Scientific Revolution: Part 1

   Before 1543, the Earth was the center of everything in a geocentric universe. Ptolemy's idea was widely accepted as fact and was further pushed onto the masses by the Church, who believed God had made them special in their position in the cosmos. Everything orbited the Earth, not just the Moon. The five planets known at the time, the Sun, and an orb with fixed points (stars) as well. They believed the universe was in perfect balance, with the Earth the center of its order. This is where we begin....

   Nicolaus Copernicus was among the few who first challenged Ptolemy's and Aristotle's concepts of the universe. He was essentially changing the way we would view ourselves forever. In 1543, the year of his death, his book, De revolutionibus orbium coelestium, was published. In it, he put forth his theory of his heliocentric universe, a groundbreaking step in the direction for our modern view of our place in the cosmos. His proposal was met with vehement opposition from the Church for tearing humanity from its cherished position in the stars. His work was far from being widely accepted fact. It would take the help and provided evidence of many more scientists in the future before the public would even consider the heliocentric universe as a possibility. But this story will be picked up in the next post.
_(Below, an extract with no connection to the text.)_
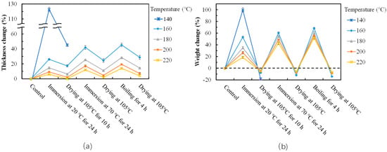 Thickness and weight changes in the cyclic aging treatments are shown in Figure 4. Most of the samples could maintain their shape after the treatments. One exception was observed in the particleboard bonded at 140 °C. A logical explanation for this exception is that this temperature of hot pressing lead to insufficient adhesive curing. The thickness and weight change region of the particleboards decreased with increasing hot pressing temperatures, indicating that temperature is a significant factor for water resistance imparted by the applied SADP 85/15 adhesive. Based on the evaluation results of the particleboard bonded at various conditions, the optimal hot pressing temperature for the tested SADP adhesive was concluded to be 200 °C.

   So there you have it. Nicolaus Copernicus, a true visionary in science and physics. He is the framework for building up to a modern understanding of the universe. Anyways, more of this legendary story later. Until then, salutations!

Sunday, January 20, 2013

Introduction

   Since I have a little bit of spare time, I thought I would give you all an introduction to this blog and what it will be about.

   I will endeavour to simply explain physics and astronomy in layman's terms to those who find the subjects interesting or fascinating. The first posts will be primarily about the birth of modern physics with anecdotes about such famed scientists as Kepler, Galileo, Newton, and Copernicus. These lessons will build the framework of later studies of the unification of electricity and magnetism in Maxwell's equations, Einstein's relativistic universe, Hubble's discovery of other galaxies and the fact they are moving away, the big bang theory, and other such discoveries. Then, we move into a realm where common sense in our everyday terms is violated and objects are in two places at once: the bizarre world of quantum mechanics. We will revisit electromagnetism here as well as quantum tunneling, the nature of the atom and its constituents, the weak and strong nuclear forces, quantum electrodynamics (QED), quantum chromodynamics (QCD), and quantum theory's impact on our technology. Later on, more in-depth discussions about the big bang theory will arise, the nature of dark matter and dark energy, antimatter, the newly developed negative energy, string theory, higher dimensions, parallel universes, wormholes, and the quest for the theory of everything and the unification of physics.

   Well, there you have it. Don't expect me to follow along that schedule precisely, I'm going to be tempted to skip some of the more dull subjects (yeah, I heard the people who just said, "It's PHYSICS, it's ALL DULL!"). Anyways, please stay tuned for more, I hope to post soon, Until then, salutations!

Saturday, January 19, 2013

Hello Fellow Human!

   Hello comrades, I shall be posting some physics stuff on here when I have a little bit of that special fourth dimensional substance we call time. Until then, salutations!